EXPERTENRAT

Pause oder fast forward

Um die Techrevolution zu überleben, braucht es radikale Entscheidungen – etwa einen Wechsel der Rechtsform.
Von Christoph H. Seibt

Der Pri­va­te-Equi­ty-In­ves­tor KKR steigt bei Axel Sprin­ger ein; der Ver­lag zieht sich von der Bör­se zu­rück. Ro­cket In­ter­net will selbst sei­ne ge­lis­te­ten An­tei­le zu­rück­kau­fen – und eben­falls weg vom Ak­ti­en­markt. In den USA drän­gen Tech­no­lo­gie­un­ter­neh­men an die Bör­se; aus Deutsch­land zum Bei­spiel Bi­oNTech und Cu­re­Vac. Und der Os­ram-Vor­stand such­te An­ker­ak­tio­nä­re sei­ner Wahl. So un­ter­schied­lich die Ent­schei­dun­gen, die Aus­lö­ser sind ähn­lich: Ent­wick­lun­gen wie Di­gi­ta­li­sie­rung und Health­ca­re-Re­vo­lu­ti­on, die Ent­kop­pe­lung der Wirt­schafts­sphä­ren der USA und Chi­nas so­wie die wach­sen­de Be­deu­tung der Un­ter­neh­mens­re­pu­ta­ti­on er­for­dern Trans­for­ma­ti­ons­pro­zes­se. Und die Ver­än­de­rung des Ge­schäfts­mo­dells kos­tet Zeit und Geld.

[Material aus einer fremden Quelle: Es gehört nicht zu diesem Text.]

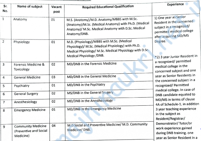 - Name of the posts – 1) Assistant Professor 2) Senior Resident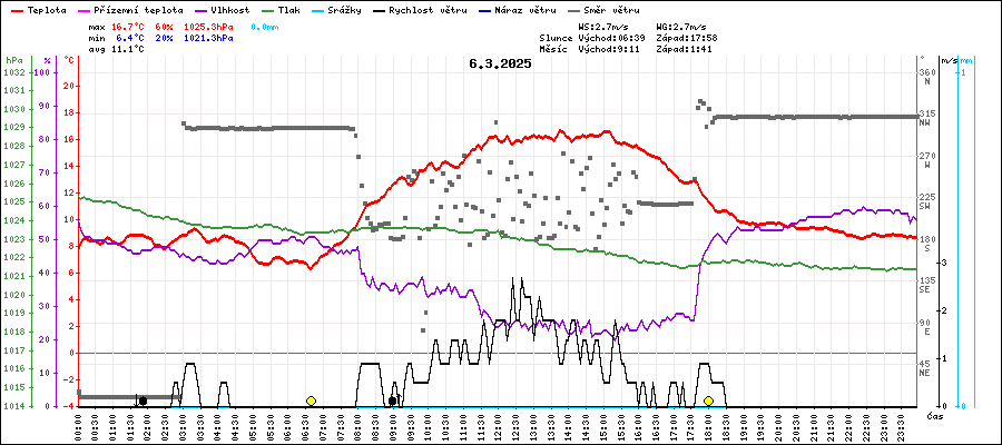 | Maximální teplota: | 16.7°C | v 13:45 |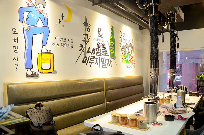 墙上画着活泼的壁画,不过文字是韩语看不懂,你看的懂吗?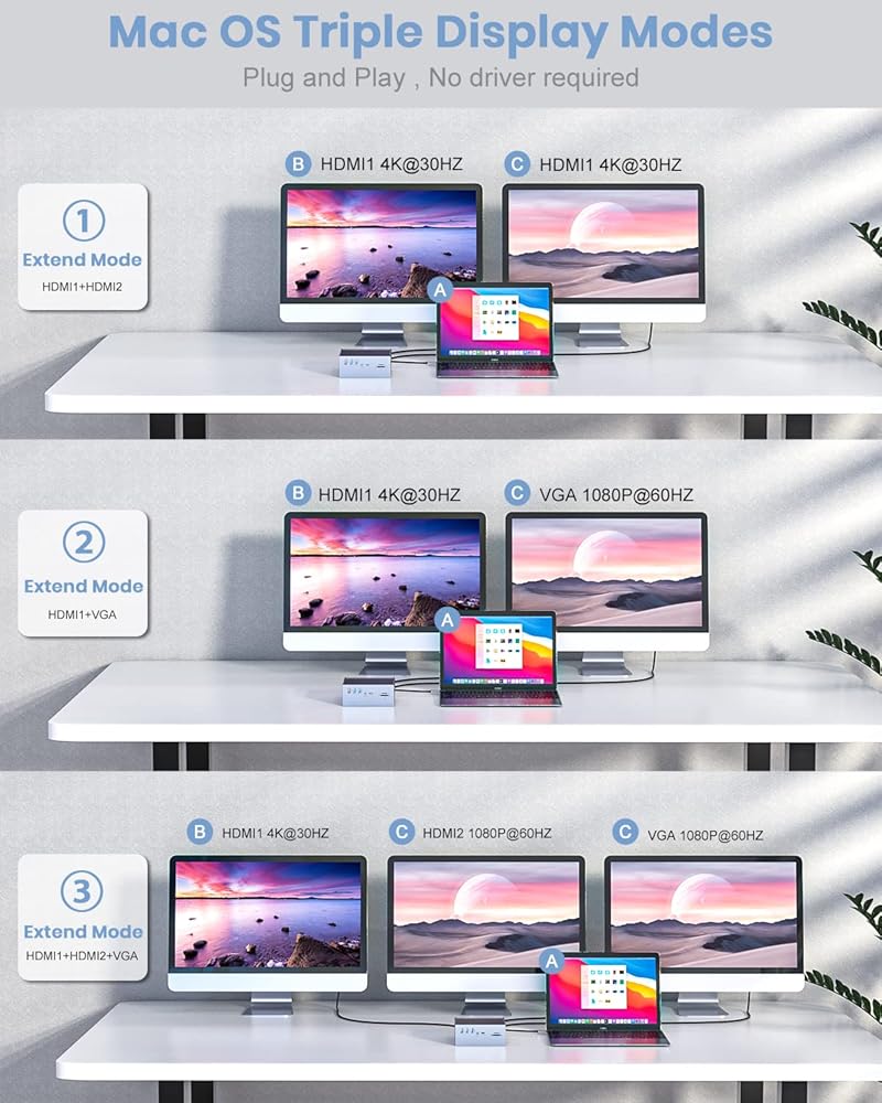 Triple Display with Dual 4K HDMI: Tiergrade USB C docking station is equipped with dual 4K HDMI extended displays and supports triple display on MacBook (HDMI 1+HDMI 2+laptop). HDMI ports support resolutions up to 3840x2160@30Hz, and VGA port supports resolutions up to 1920x1080@60Hz. *Note: When using the extended mode, HDMI 1 and HDMI 2 and Macbook can triple display different images, but HDMI 2 and VGA always display the same image.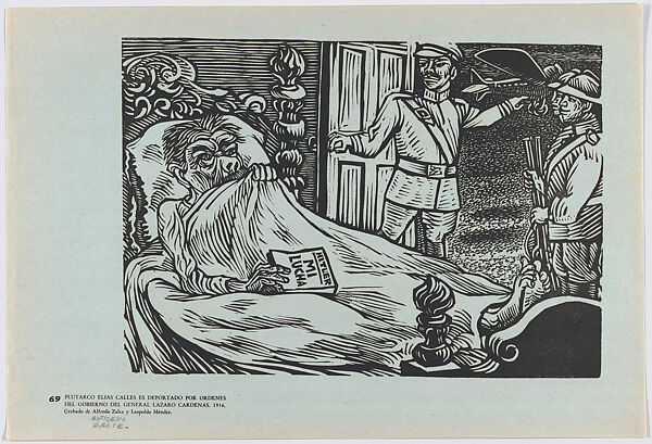 - Title: Plate 69: Plutarco Elías Calles in bed, about to be deported to America on the orders of General Lázaro Cárdenas who stands at right (1936), from "Estampas de la Revolución Mexicana" (Prints of the Mexican Revolution)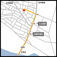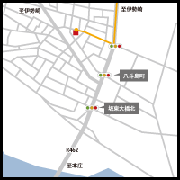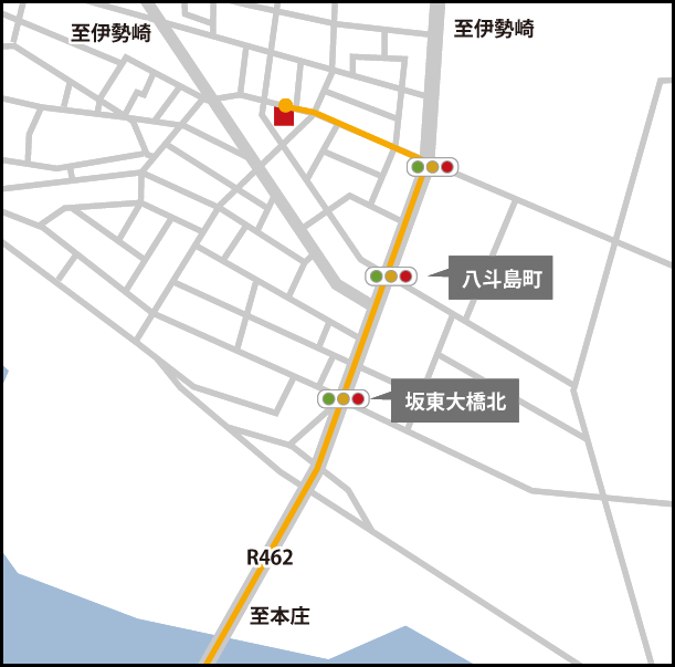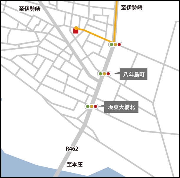 国道462号線を群馬方面に直進し、 坂東大橋を渡り3つ目の信号を左折、 約200m先の左側に当店がございます。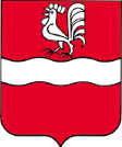 De gueules à la fasce ondée d’argent, accompagnée en chef d’un coq du même.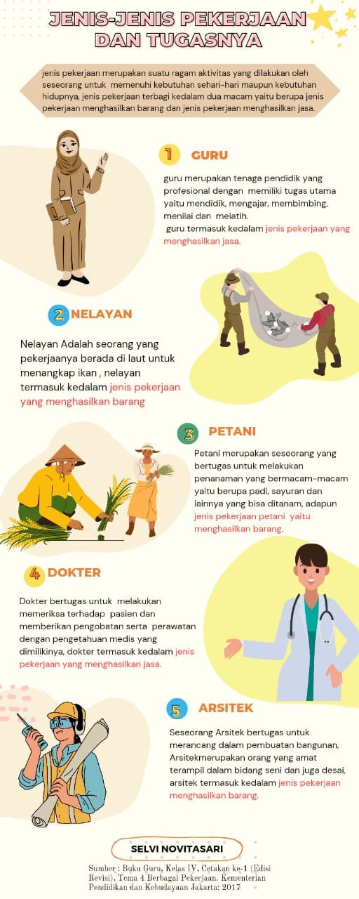 Jenis pekerjaan merupakan suatu ragam aktivitas yang dilakukan oleh sekarang untuk memenuhi kebutuhan sehari-hari maupun kebutuhan hidupnya, jenis pekerjaan ini juga terbagi kedua macam yaitu jenis pekerjaan yang menghasilkan jasa dan jenis pekerjaan yang menghasilkan barang.

Die Co­vid-19-Pan­de­mie be­schleu­nigt den Trend noch. In der ers­ten Pha­se der Kri­se ging es dar­um, die Li­qui­di­tät ab­zu­si­chern, mit Kos­ten­sen­kungs­pro­gram­men und zum Teil staat­lich un­ter­stütz­ten, kom­ple­xen Kre­di­ten. Jetzt geht es um mehr. Vie­le Vor­stän­de müs­sen Ge­schäfts­mo­del­le um­bau­en. Sie müs­sen an­ge­stamm­te und nicht mehr zu­kunfts­fä­hi­ge Ak­ti­vi­tä­ten ver­kau­fen, ab­spal­ten oder ein­stel­len, neue Tech­no­lo­gie­kom­pe­tenz er­wer­ben und die Wi­der­stands­fä­hig­keit der Wert­schöp­fungs­ket­ten stär­ken. Wer sich in Bör­sen­un­ter­neh­men der Sa­che nicht an­ge­mes­sen wid­met, dürf­te Be­such be­kom­men: Ak­ti­vis­ti­sche In­ves­to­ren war­ten nur auf die Chan­ce.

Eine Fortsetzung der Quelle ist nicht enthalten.